It seems your mind has been made up with installing the pan. Good for you. It won't hurt anything, but if you think it will help you, all I could say is that there is a slim possibility it could help. Problem is you have now cut the pan. What happens when the pan leaks? You're back to square #1.
 
You could accomplish the same waterproofing by simply waterproofing the drywall behind the W/H. Honestly, this makes as much sense as building another roof on top of your existing roof, just in case you develop a leak in the existing roof. If you W/H fails, it will most likely just stop working. The second biggest failure is springing a leak in your supply lines, which you will soon find out the pan will do you no good, since water will soak the drywall from the ceiling to the floor. Yes, water heaters sometimes explode, but again, that pan will not help you. Where your pan will help is if you develop a slow leak, and if the water slowly drips out and if the water accumulates within the pan and if it will drip safely away from the drywall. Yep, lots of ifs to consider.

It seems your mind has been made up with installing the pan. Good for you. It won't hurt anything, but if you think it will help you, all I could say is that there is a slim possibility it could help. Problem is you have now cut the pan. What happens when the pan leaks? You're back to square #1.

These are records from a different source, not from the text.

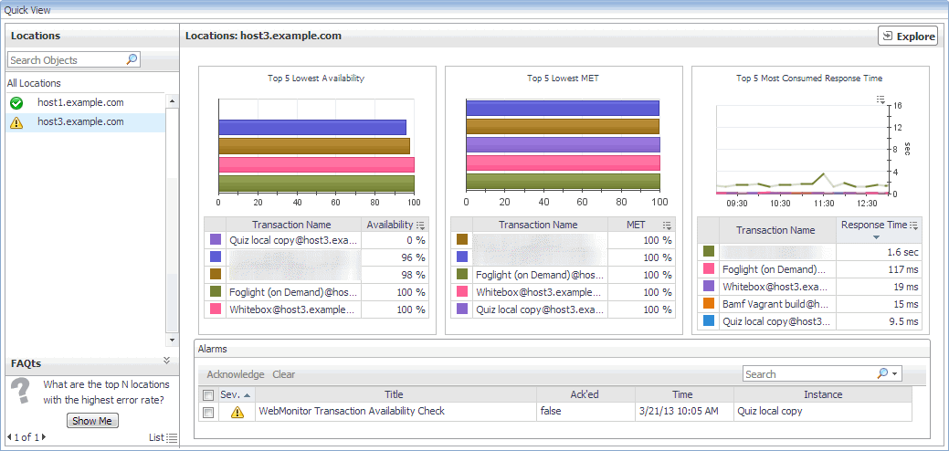 The Quick View is a container view. It contains a combination of location or transaction views, depending on your selection in the Web Monitor Environment view and the pane on the left. Use it to understand the level of user experience offered by the monitored Web sites, and to investigate any issues that they may be experiencing.
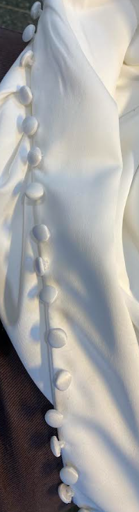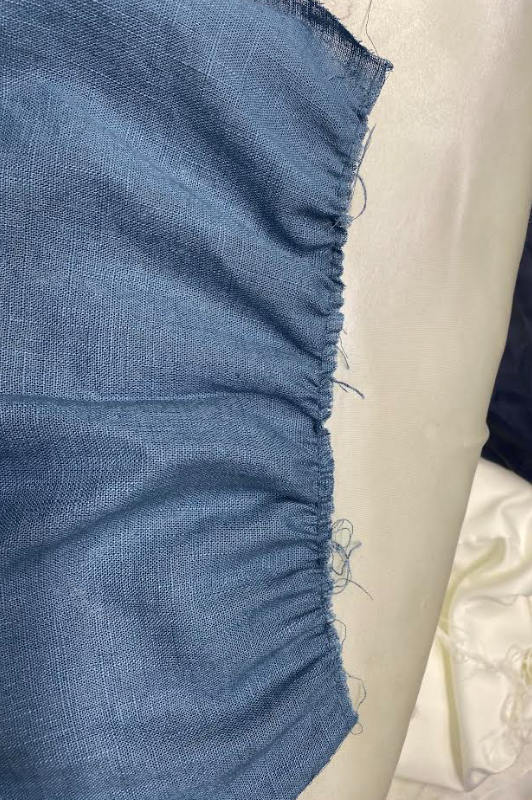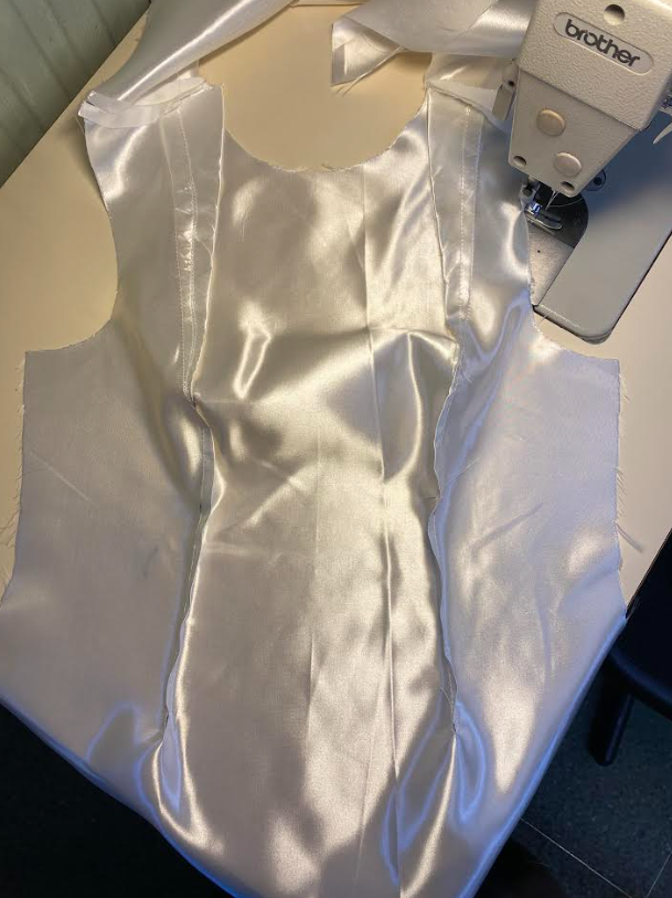 Ompelen käsin monia asioita, kuten kangasmerkkejä tyllihelmoihin ja kuppeja mekkoihin, kuppien ompelemisessa ommellaan vain alhaalta ja ylhäältä pieni määrä mekon rinnan kohdalle. Myös mekon taakse menevät rusetit kiinnitän käsin. Olen tehnyt nyörejä mekkojen korsetteihin ja auttanut mekkojen etu- ja takakappaleiden ompelussa yhteen. Saumavaroissa pitää olla aina tarkkana! Koska alussa oli vaikeata ilman mitään merkkejä ommella koneella.
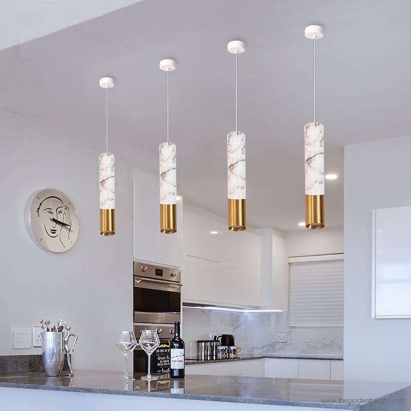 Đèn thả LED ống đơn trang trí vân đá trắng
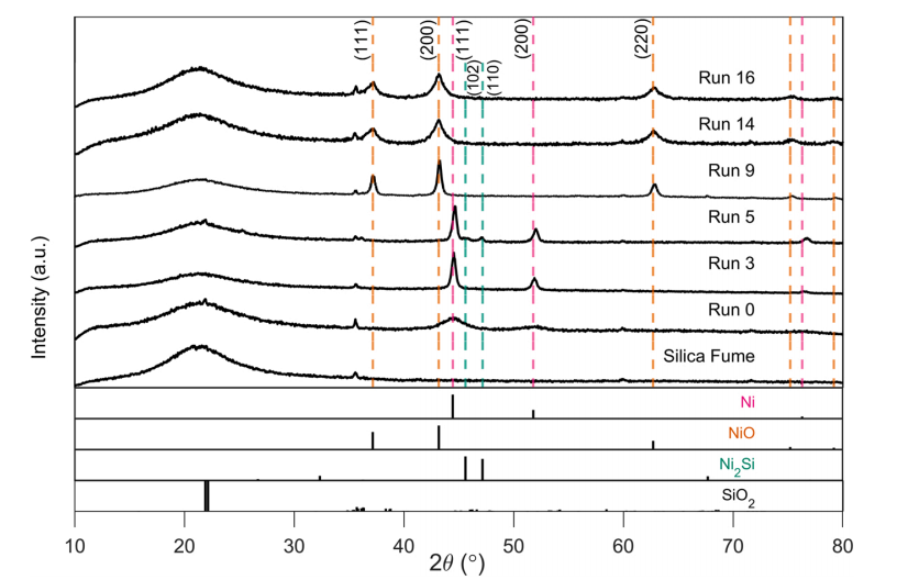 硅灰(载体)、合成态催化剂(Ni/SiO₂)以及经选定热处理后样品的 X 射线衍射图。各运行参数见表 3。垂直虚线标示各相最显著衍射峰并用颜色区分;所选低指数晶面的 Miller 指数标注在对应虚线旁。
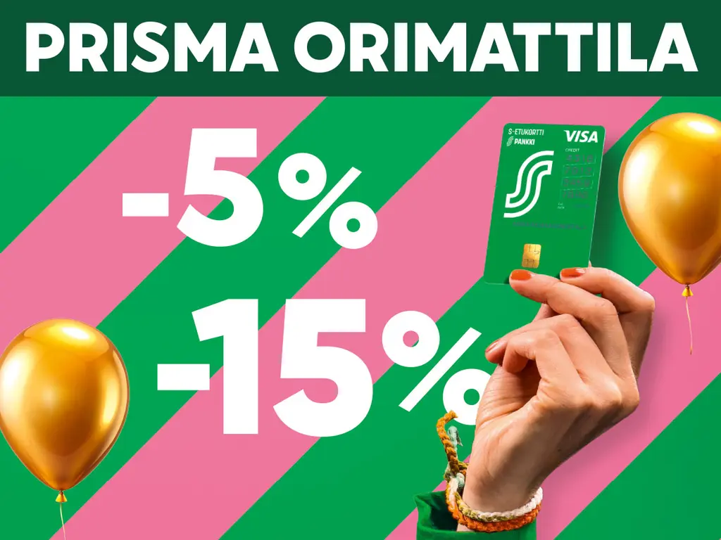 Asiakasomistajapäivät 3.-6.4.2025 Prisma Orimattilassa! Saat S-Etukortilla JOPA -15% alennusta käyttötavaroista, myös jo alennetuista hinnoista!Alennuksen saat S-Etukortilla näistä tuotteista:-5% alennusta- polkupyörät
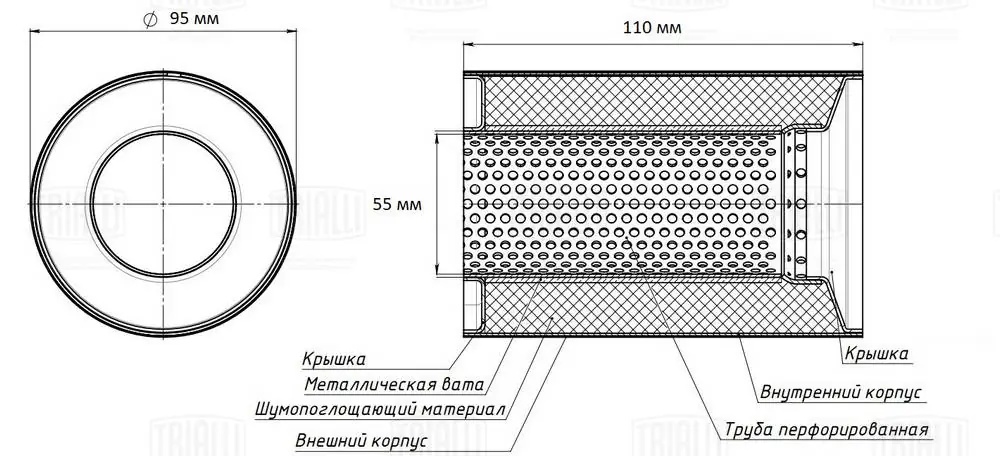 ESM 9511055 k TRIALLI Пламегаситель коллекторный 95/110-55 (нерж. сталь) (ESM 9511055 k)
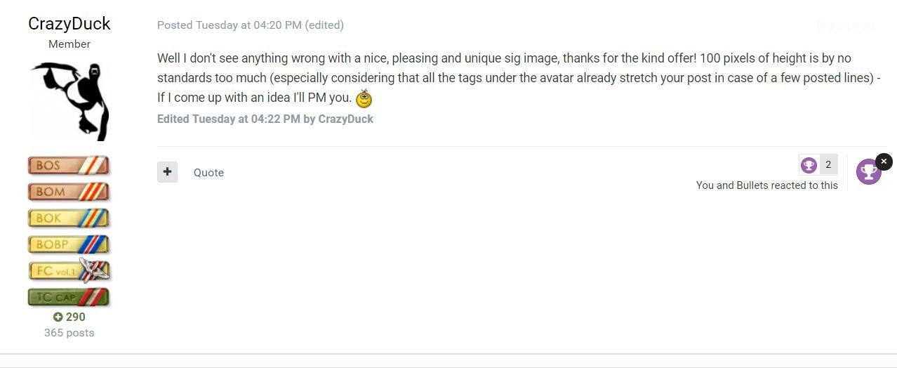 CrazyDuck Posted January 22, 2019 Posted January 22, 2019 (edited) Well I don't see anything wrong with a nice, pleasing and unique sig image, thanks for the kind offer! 100 pixels of height is by no standards too much (especially considering that all the tags under the avatar already stretch your post in case of a few posted lines) - If I come up with an idea I'll PM you. Edited January 22, 2019 by CrazyDuck 2

Hi Havasu, those are all great points. I was simply trying to put my mind at ease based on the comment from the general contractor saying that I need a drain pan there to eliminate a super costly repair if the W/H unit itself leaks. I wasn't really sure the most likely method of failure from a water heater but he made me think it was most likely to fail with a leak.

If I modify the pan, it will only be on the very front part that would overhang beyond the flat surface it is sitting on. The rest of the pan would be stock so only a manufacturer defect would cause a leak back into the wall.

I appreciate all your advice. Do you think its possible for me to get the water heater to go up 1/4 inch without damaging anything? Not sure the safest way to lift it up though.
 
It's going to be a tough job. All I could think of is to loosen the earthquake straps, then use a 2x4 as a prybar from under it, and work slowly and carefully. The W/H's don't like to be lifted from any single point, so do it carefully.
 
It's going to be a tough job. All I could think of is to loosen the earthquake straps, then use a 2x4 as a prybar from under it, and work slowly and carefully. The W/H's don't like to be lifted from any single point, so do it carefully.

Ok thank you so much for the advice!